Previous systematic reviews assessed the US as a diagnostic test for pediatric fractures of the upper limb(26–28). However, these systematic reviews showed some limitations. Other types of reference tests, such as computed tomography or magnetic resonance imaging, were used in the review by Joshi
The current review did not perform pooling of the diagnostic performance analyses, as the studies varied in baseline characteristics, such as the examined bones, the training of US assessors, the patients’ age, and other inclusion criteria.

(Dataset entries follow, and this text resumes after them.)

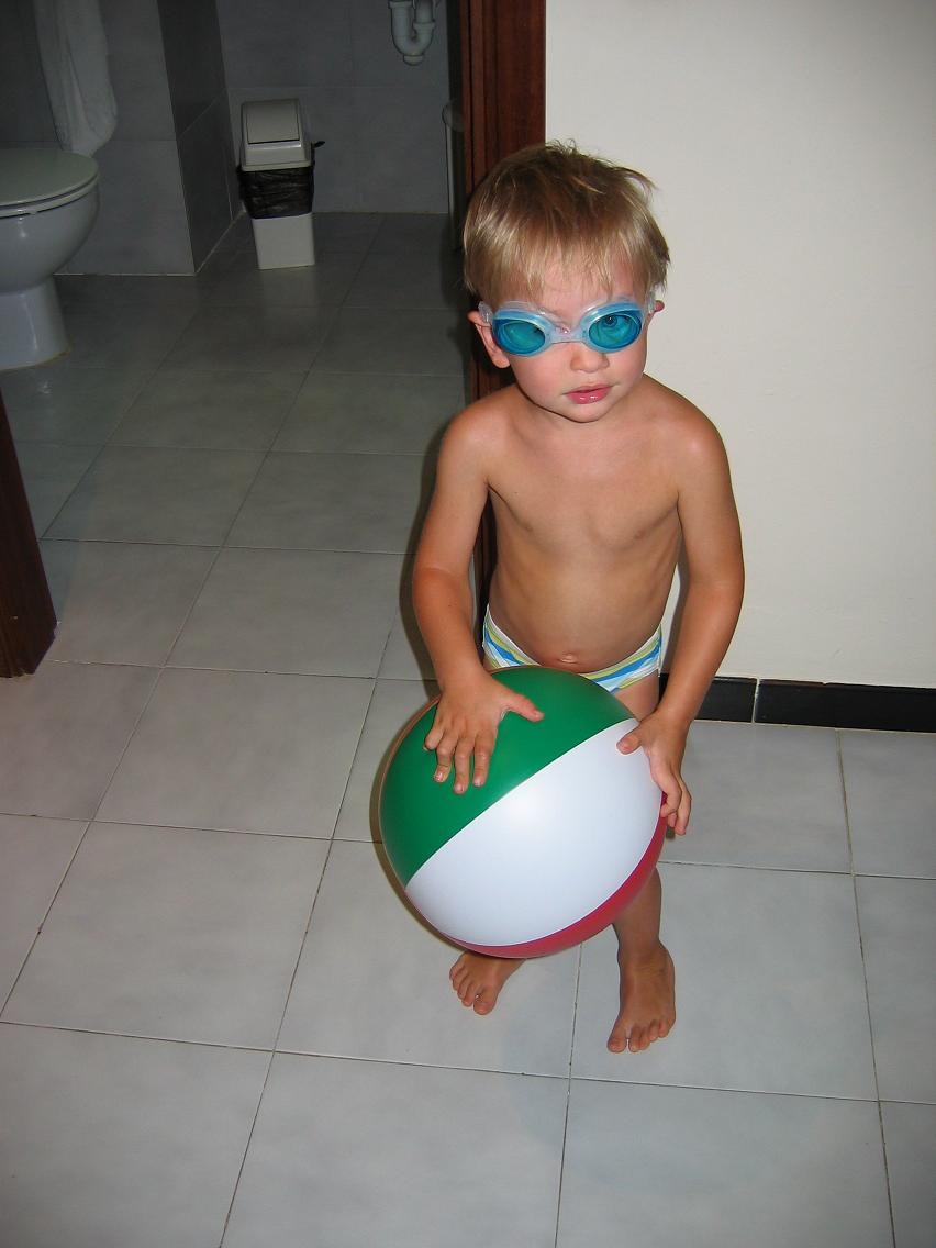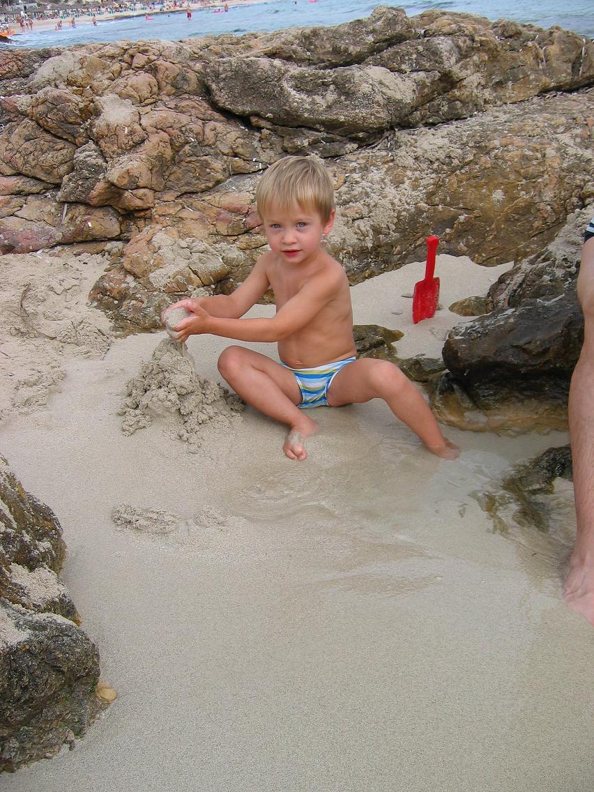 Aber es ging danach dann echt super! Wir mußten immer grinsen, wenn andere Familien mit ihren Kids am stressen waren und haben uns erleichtert angeschaut....zum Glück nicht wir. Aber im Hotel waren sie alle ganz kinderfreundlich. Wir konnten abends auch noch in der Bar ein paar Sangrias geniessen, da wir unser Zimmer direkt oben dran hatten und von unserem Balkon aus auf die Terasse schauenkonnten. Brauchte nicht mal ein Babyphon. Jeden zweiten tag war bei uns Kinderdisco, was Max total faszinierend fand....die Kinder, die tanzen und hopsen. die anderen Tage war die Disco im Hotel nebendran, dass dazugehörte (wir waren im Apartmenthotel). Um 22.00Uhr war aber die musik wieder aus, was o.k. war, so konnte Max dann auch gut schlafen. Mia hat nicht mal der Lärm was ausgemacht und war eigentlich jeden Tag um 20.00Urh spätestens im Bett. Außer wir sind zum Hafen gewandert, dann habe ich sie in den Babybjörn und sie hat interessiert rumgeschaut, bis der Schlaf sie übermannt hat. Max hat das natürlich gentutz um in den Buggy zu sitzen und so die Gegend zu geniessen. War auch o.k., denn er war abends oder nach dem Strand schon ganz schon müde. Begeistert war er natürlich von dem tollen Sandstrand und er war jeden Tag am Baggern.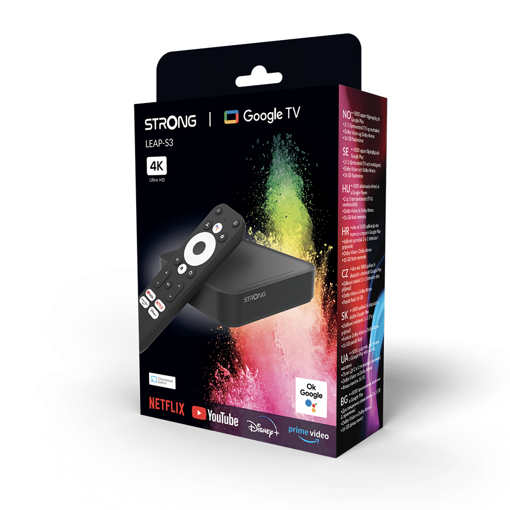 This small, compact smart Google TV box is the right choice for your TV. Connect the STRONG LEAP-S3UK to upgrade your TV to a Smart TV with direct access to the Google Play Store! This Google TV box is equipped with the latest version of Android 11 and offers you an excellent user experience. Further it is Google certified and gives access to numerous apps, streaming services and more. Enjoy your favourite movies directly from Netflix, YouTube, Prime Video or Disney+*. With an effective user interface, you can quickly find and enjoy the entertainment you want. LEAP-S3UK also comes with must-haves such as 4K UHD resolution, H.265 Decoding, Wi-Fi 5 Dual Band, Chromecast function and more. Dolby Vision-Atmos ensures the best picture and sound you ever seen before for your favourite film. With the fully-featured Google Assistant you can control playback, play or resume TV shows and movies with voice commands and get answers to trivia questions. USB port, Bluetooth 5.0, HDMI version 2.1 and Ethernet port make the package complete and offers you an unprecedented TV experience.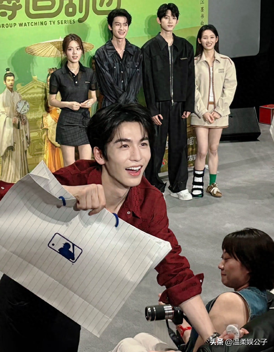 7月2号,古装剧《度华年》剧组扫楼宣传,全组出动,饰演长公主李蓉的赵今麦带着“驸马”张凌赫、“白月光”陈鹤一、以及“太子”李川齐齐露面。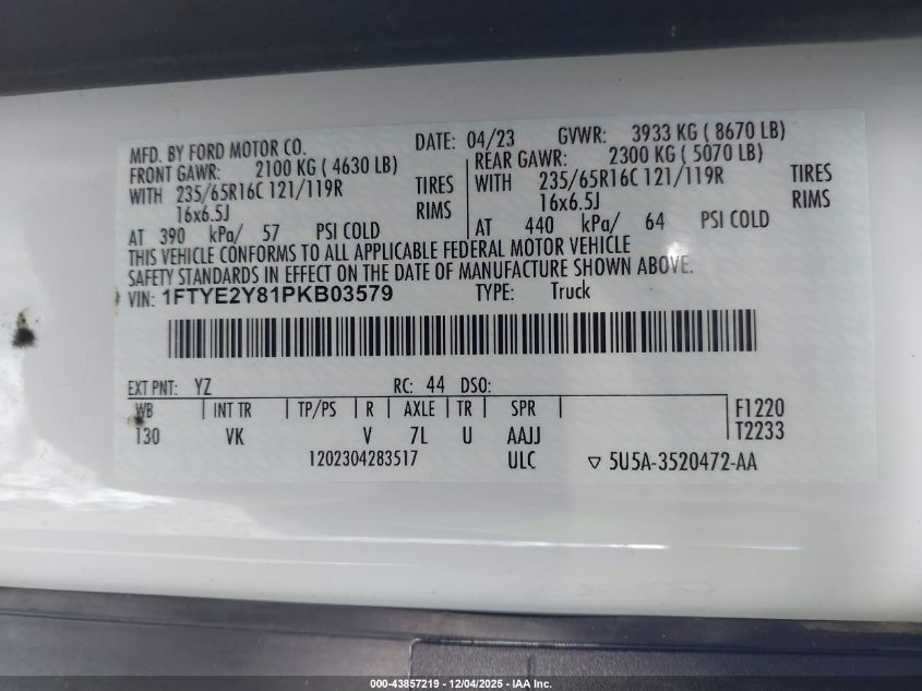 2023 FORD TRANSIT 2023 року Бензин, 3.5, Полный привод, vin - 1FTYE2Y81PKB03579 из США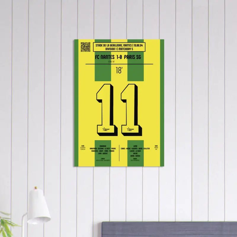 Célébrez ce moment historique avec un poster au design minimaliste et raffiné. Idéal pour les passionnés de football et les supporters nantais, il capture l’excellence du jeu nantais et la beauté de ce but légendaire. Une version encadrée en noir est également disponible pour une présentation encore plus élégante.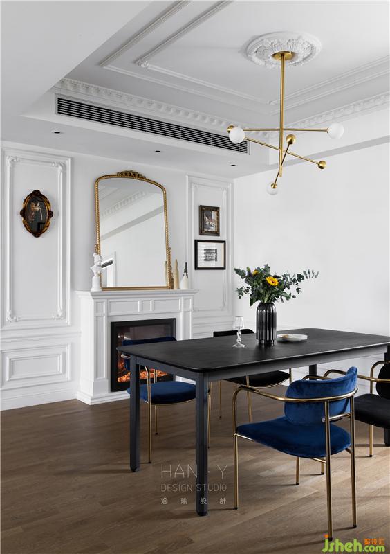 幾多純粹幾多溫馨,每一筆設(shè)計(jì)都在延伸著浪漫。隱約若現(xiàn)的精致壁爐與金色文藝的復(fù)古鏡,搭配黑色現(xiàn)代的實(shí)木餐桌與寶藍(lán)金屬輕奢椅,沉穩(wěn)中透著輕盈,高貴中帶有摩登。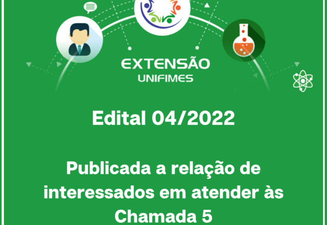 A Diretoria de Extensão, Assuntos Comunitários, Estudantis e Culturais (DEACEC) torna pública a relação de interessados(as) em apresentar projetos que atendam demandas recebidas da sociedade, no âmbito da Chamada 5 do Edital 04/2022/DEACEC/EXTENSÃO. A DEACEC entrará em contato com os(as) docentes e servidores interessados(as) para agendar reuniões junto [...]

Ultrasound is a reliable tool for the diagnosis of distal forearm fractures in children when performed by well-trained emergency doctors and through using an appropriate viewing method. Ultrasound has an advantage over X-ray in terms of being radiation-free and allowing a shorter length of stay in ED. The application of a new diagnostic imaging modality in current healthcare systems can meet with resistance at different levels. However, it should be noted that for the US, only a basic level of training and knowledge is necessary before it can be performed and used accurately in daily clinical practice. This will be achieved if fracture sonography becomes obligatory as part of the emergency medicine training program conducted through the Royal College of Emergency Medicine (RCEM), in a similar fashion to the FAST scan. Finally, to keep a high standard of diagnostic pathways in place, a larger prospective blinded study on long bone injuries is recommend. This would increase the applicability and generalizability of bedside US in pediatric distal forearm fractures.